3. ~~Let p(x) be a polynomial such that its leading coefficient is 1 and 27(x – 1)p(x) = (x – 27)p(3x) for all real numbers x. Find p(4).~~ Answer: 115, correctly answered by DrummerMike again

4. ~~Let x, y, z be three prime numbers such that xyz = (129)(141)(147) + 320.~~ Answer: 131, 137, 149, correctly answered by DrummerMike for the third time

5. ~~For any positive integer n, let a(n) be the remainder when 7^n is divided by 100. Find the value of a(1) + a(2) + a(3) ... + a(100).~~ Answer: 2500, correctly answered by DrummerMike for the fourth time

6. ~~Let f and g be two polynomials such that f(x +g(y)) = 3x + y + 4 for all real numbers x and y.
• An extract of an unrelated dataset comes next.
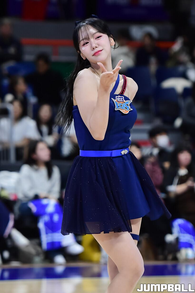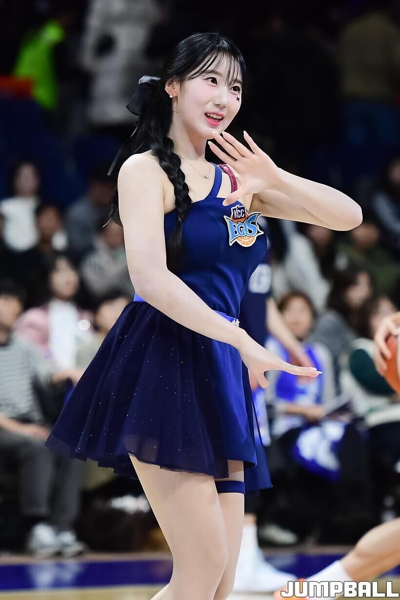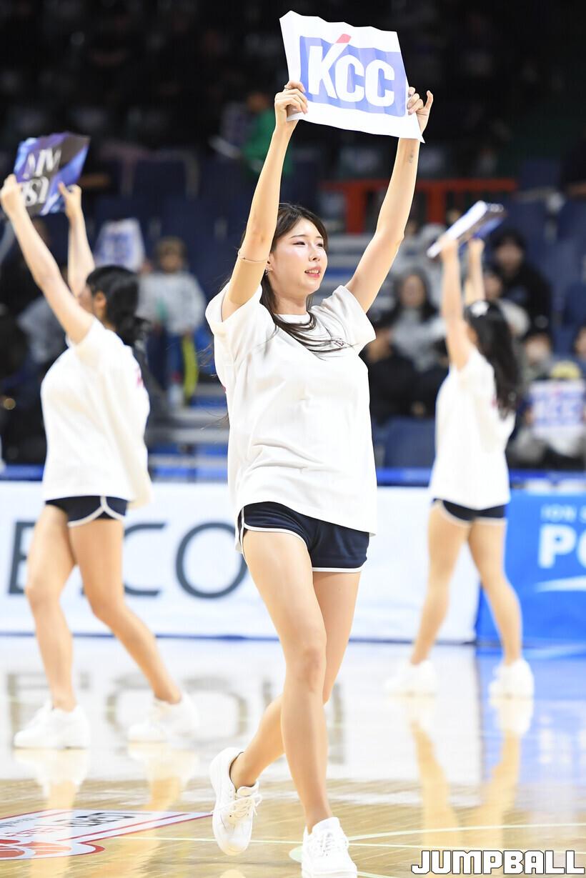 [점프볼=부산/박상혁 기자] 28일 부산사직체육관에서 열린 2025-2026 LG전자 프로농구 부산 KCC와 울산 현대모비스의 경기, KCC 치어리더가 승리를 위해 팬들과 함께 응원을 하고 있다.

Find the value of g(8 + f(3)).~~ Answer: 7, correctly answered by DrummerMike for the fifth time

7. Suppose a and b are two real numbers satisfying (a – 5)^2 + (b – 5)^2 = 18. Find the largest possible value of a/b.

8. ~~Let f(x) be a rational function such that f(x) + f((x – 1)/x) = 1 + x for any real number x ≠ 0, 1. Find the value of f(10).~~ Answer: 899/180, correctly answered by vasmegye

9. ~~Find the largest possible remainder when the square of a prime number is divided by 24.~~ Answer: 9, correctly answered by tster again

10. ~~Find the positive integer x such that (x^2)/(720 – x) is a prime number.~~ Answer: 45, correctly answered by tster for the third time

11. ~~Suppose 1ababababab is an 11-digit integer which is divisible by 99. Find a + b.~~ Answer: 16, correctly answered by tster for the fourth time

12. ~~ABCD is a square-shaped piece of paper of area 81 sq cm. A square of area 1 sq cm with one vertex at A and sides parallel to those of ABCD is removed from ABCD. If the remaining part is cut into k congruent triangles,~~ Answer: 20, correctly answered by tster for the fifth time

what is the smallest possible value of k?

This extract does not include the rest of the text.